Directions for this task
What should come back is the data below, word for word, minus any picture.

Given data
****************************************
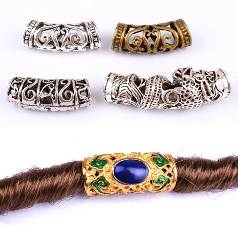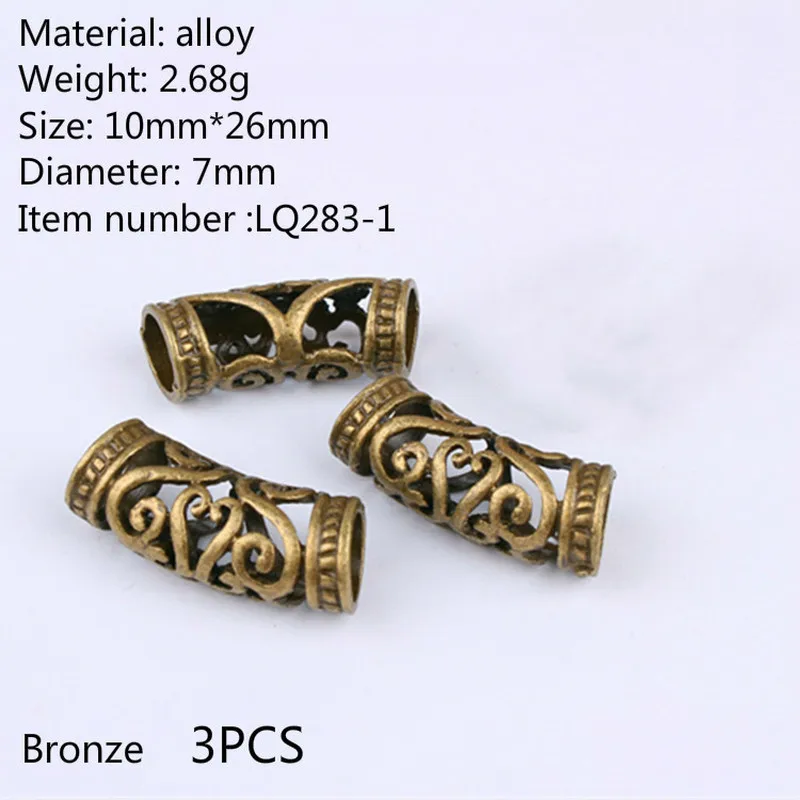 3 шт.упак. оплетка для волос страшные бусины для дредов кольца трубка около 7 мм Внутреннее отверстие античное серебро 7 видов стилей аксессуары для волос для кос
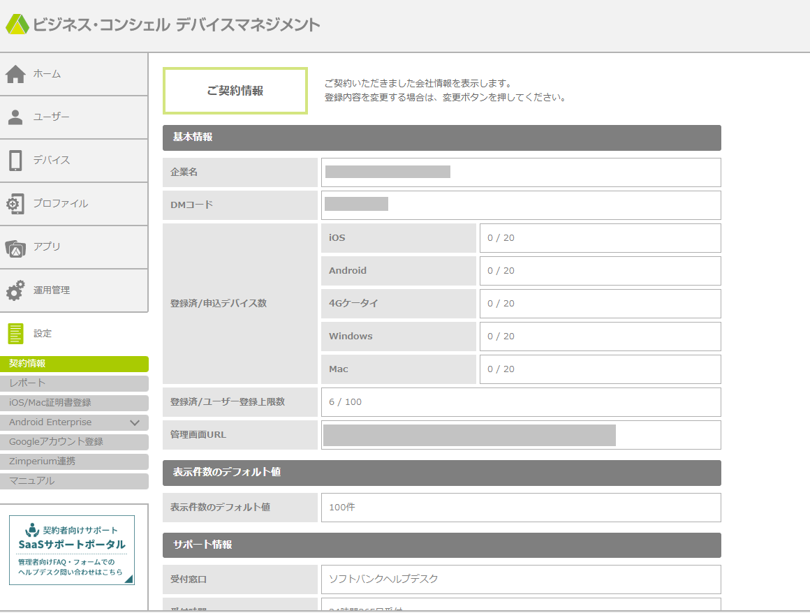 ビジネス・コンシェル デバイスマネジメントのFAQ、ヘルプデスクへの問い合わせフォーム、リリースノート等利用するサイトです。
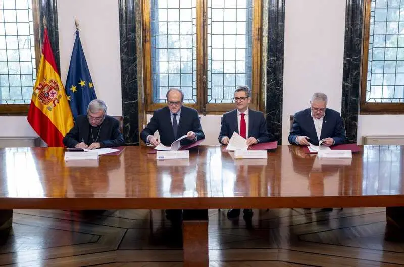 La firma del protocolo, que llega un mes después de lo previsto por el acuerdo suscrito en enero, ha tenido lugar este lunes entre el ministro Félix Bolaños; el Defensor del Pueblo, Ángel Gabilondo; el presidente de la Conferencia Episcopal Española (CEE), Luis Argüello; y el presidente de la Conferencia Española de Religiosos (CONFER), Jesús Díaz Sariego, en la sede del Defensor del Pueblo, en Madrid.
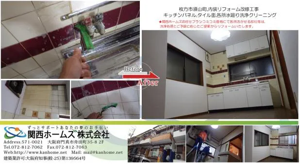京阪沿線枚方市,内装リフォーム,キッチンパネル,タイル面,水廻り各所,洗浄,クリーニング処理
****************************************
Task answer
 3 шт.упак. оплетка для волос страшные бусины для дредов кольца трубка около 7 мм Внутреннее отверстие античное серебро 7 видов стилей аксессуары для волос для кос
 ビジネス・コンシェル デバイスマネジメントのFAQ、ヘルプデスクへの問い合わせフォーム、リリースノート等利用するサイトです。
 La firma del protocolo, que llega un mes después de lo previsto por el acuerdo suscrito en enero, ha tenido lugar este lunes entre el ministro Félix Bolaños; el Defensor del Pueblo, Ángel Gabilondo; el presidente de la Conferencia Episcopal Española (CEE), Luis Argüello; y el presidente de la Conferencia Española de Religiosos (CONFER), Jesús Díaz Sariego, en la sede del Defensor del Pueblo, en Madrid.
京阪沿線枚方市,内装リフォーム,キッチンパネル,タイル面,水廻り各所,洗浄,クリーニング処理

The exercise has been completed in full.